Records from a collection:
....................

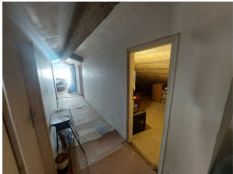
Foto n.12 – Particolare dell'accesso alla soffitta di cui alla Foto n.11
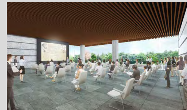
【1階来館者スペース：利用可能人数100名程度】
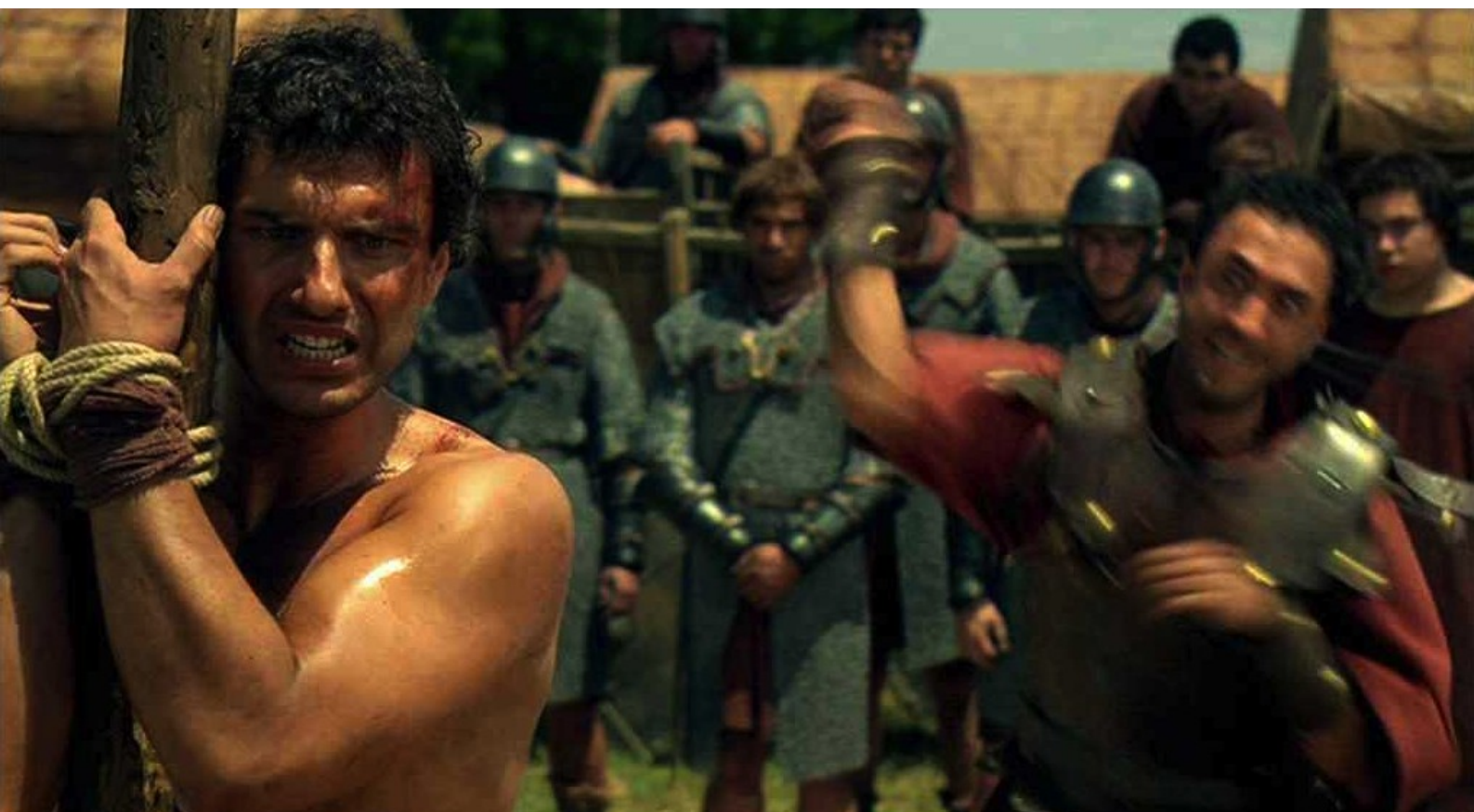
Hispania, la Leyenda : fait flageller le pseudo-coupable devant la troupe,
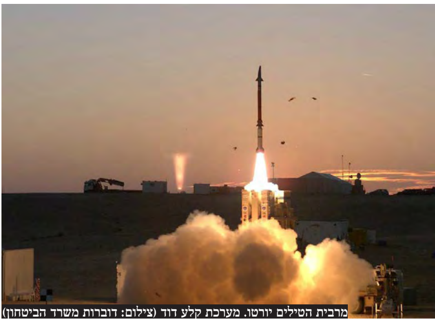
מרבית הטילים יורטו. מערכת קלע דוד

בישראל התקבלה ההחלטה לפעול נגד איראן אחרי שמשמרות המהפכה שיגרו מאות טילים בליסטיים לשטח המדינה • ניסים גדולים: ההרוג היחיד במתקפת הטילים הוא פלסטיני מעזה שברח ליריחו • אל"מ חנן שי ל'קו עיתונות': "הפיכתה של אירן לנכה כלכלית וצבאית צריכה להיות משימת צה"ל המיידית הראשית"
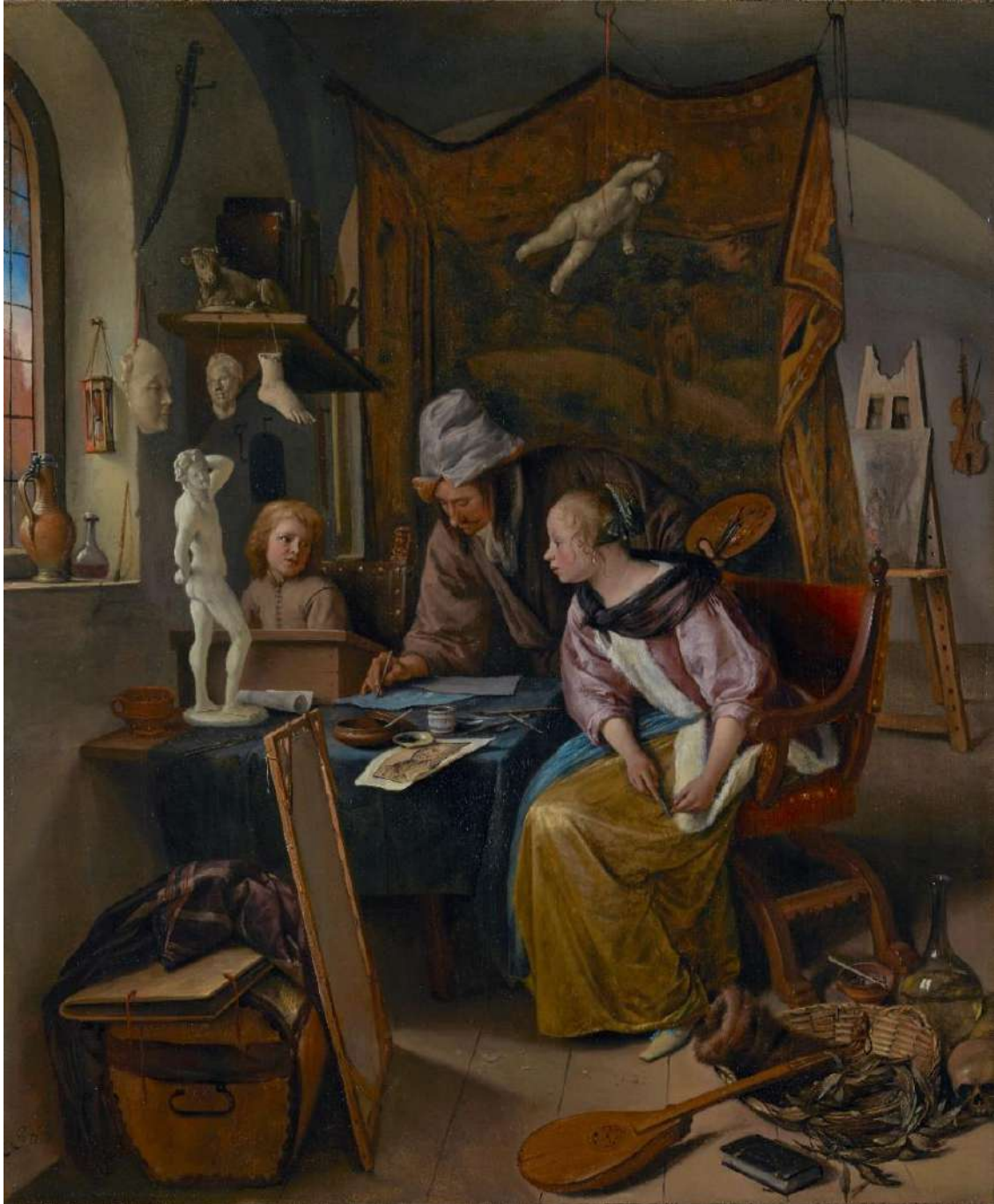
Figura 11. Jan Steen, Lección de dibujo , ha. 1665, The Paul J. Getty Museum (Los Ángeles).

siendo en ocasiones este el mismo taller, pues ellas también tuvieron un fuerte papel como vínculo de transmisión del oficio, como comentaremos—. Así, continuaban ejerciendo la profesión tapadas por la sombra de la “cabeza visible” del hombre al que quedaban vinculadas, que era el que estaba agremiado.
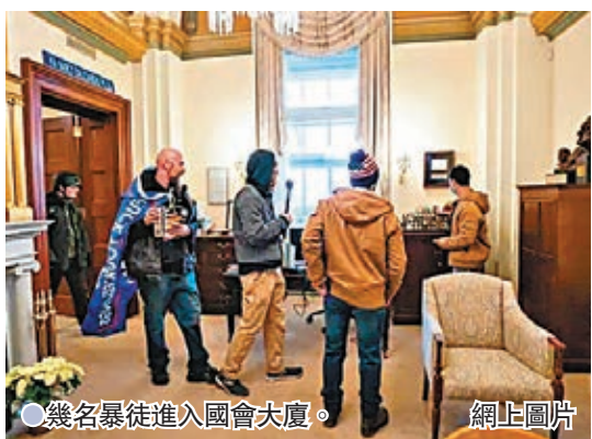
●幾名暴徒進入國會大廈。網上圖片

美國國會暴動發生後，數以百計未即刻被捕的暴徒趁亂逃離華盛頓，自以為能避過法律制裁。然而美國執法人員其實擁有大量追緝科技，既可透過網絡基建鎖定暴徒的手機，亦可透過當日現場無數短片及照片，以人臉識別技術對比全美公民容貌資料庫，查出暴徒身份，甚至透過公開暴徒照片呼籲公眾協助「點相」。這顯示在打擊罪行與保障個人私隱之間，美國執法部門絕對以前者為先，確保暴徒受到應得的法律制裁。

....................

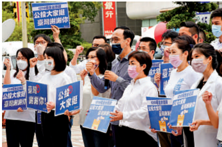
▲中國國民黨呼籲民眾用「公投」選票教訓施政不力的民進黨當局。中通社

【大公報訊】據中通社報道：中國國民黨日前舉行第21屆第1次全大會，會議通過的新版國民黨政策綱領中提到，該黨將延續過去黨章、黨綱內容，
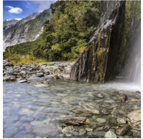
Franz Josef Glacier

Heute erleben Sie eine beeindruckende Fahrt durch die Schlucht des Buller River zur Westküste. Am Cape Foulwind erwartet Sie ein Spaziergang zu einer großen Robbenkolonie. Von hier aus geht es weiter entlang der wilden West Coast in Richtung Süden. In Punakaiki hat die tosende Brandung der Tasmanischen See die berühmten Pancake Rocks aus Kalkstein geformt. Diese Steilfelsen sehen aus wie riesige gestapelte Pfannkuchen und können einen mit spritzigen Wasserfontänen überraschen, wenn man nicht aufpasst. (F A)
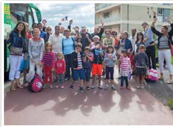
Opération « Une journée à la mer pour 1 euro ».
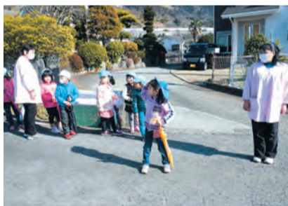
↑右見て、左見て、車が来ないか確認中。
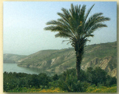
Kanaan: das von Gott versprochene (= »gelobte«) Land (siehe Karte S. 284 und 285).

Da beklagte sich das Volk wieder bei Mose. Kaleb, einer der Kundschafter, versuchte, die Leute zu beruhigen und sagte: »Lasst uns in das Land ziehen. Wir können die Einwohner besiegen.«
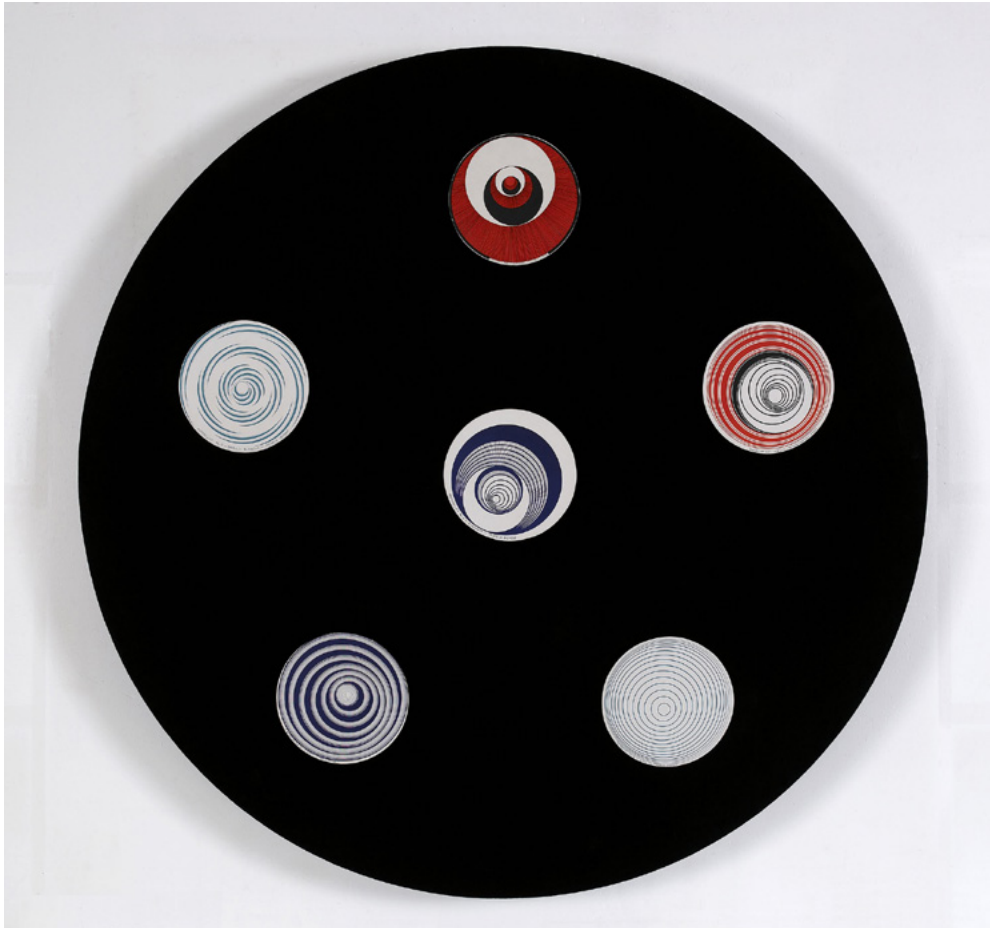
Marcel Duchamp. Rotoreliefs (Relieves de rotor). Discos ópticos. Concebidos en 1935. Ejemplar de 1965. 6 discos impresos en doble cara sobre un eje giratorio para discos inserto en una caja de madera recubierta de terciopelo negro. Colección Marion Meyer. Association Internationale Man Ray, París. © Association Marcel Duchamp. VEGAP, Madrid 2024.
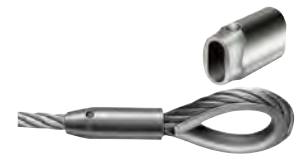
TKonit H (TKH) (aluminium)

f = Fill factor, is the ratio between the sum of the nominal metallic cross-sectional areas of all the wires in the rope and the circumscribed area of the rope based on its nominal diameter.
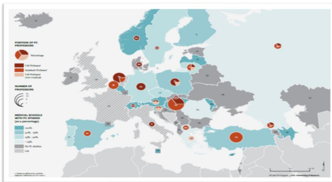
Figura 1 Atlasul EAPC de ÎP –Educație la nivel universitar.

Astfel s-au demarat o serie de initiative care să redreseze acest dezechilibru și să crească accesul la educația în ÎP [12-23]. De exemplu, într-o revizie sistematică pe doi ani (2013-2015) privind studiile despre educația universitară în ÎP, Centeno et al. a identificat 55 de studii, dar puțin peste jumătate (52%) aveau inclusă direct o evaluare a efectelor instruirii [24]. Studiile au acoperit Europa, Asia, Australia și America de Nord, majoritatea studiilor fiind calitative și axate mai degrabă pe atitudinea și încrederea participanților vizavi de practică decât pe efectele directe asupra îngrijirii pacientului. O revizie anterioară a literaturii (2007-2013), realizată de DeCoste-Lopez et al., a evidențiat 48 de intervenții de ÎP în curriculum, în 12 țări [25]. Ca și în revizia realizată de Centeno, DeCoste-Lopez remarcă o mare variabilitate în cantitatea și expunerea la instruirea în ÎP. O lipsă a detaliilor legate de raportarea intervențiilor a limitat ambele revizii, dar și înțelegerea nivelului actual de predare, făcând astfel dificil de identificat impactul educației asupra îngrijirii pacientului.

....................

Exercise description:
Look above for the line with "בישראל התקבלה ההחלטה" and the line with "Figura 11. Jan"; set down those two lines and all lines between them exactly, without pictures and without anything else.

Task response:
בישראל התקבלה ההחלטה לפעול נגד איראן אחרי שמשמרות המהפכה שיגרו מאות טילים בליסטיים לשטח המדינה • ניסים גדולים: ההרוג היחיד במתקפת הטילים הוא פלסטיני מעזה שברח ליריחו • אל"מ חנן שי ל'קו עיתונות': "הפיכתה של אירן לנכה כלכלית וצבאית צריכה להיות משימת צה"ל המיידית הראשית"
Figura 11. Jan Steen, Lección de dibujo , ha. 1665, The Paul J. Getty Museum (Los Ángeles).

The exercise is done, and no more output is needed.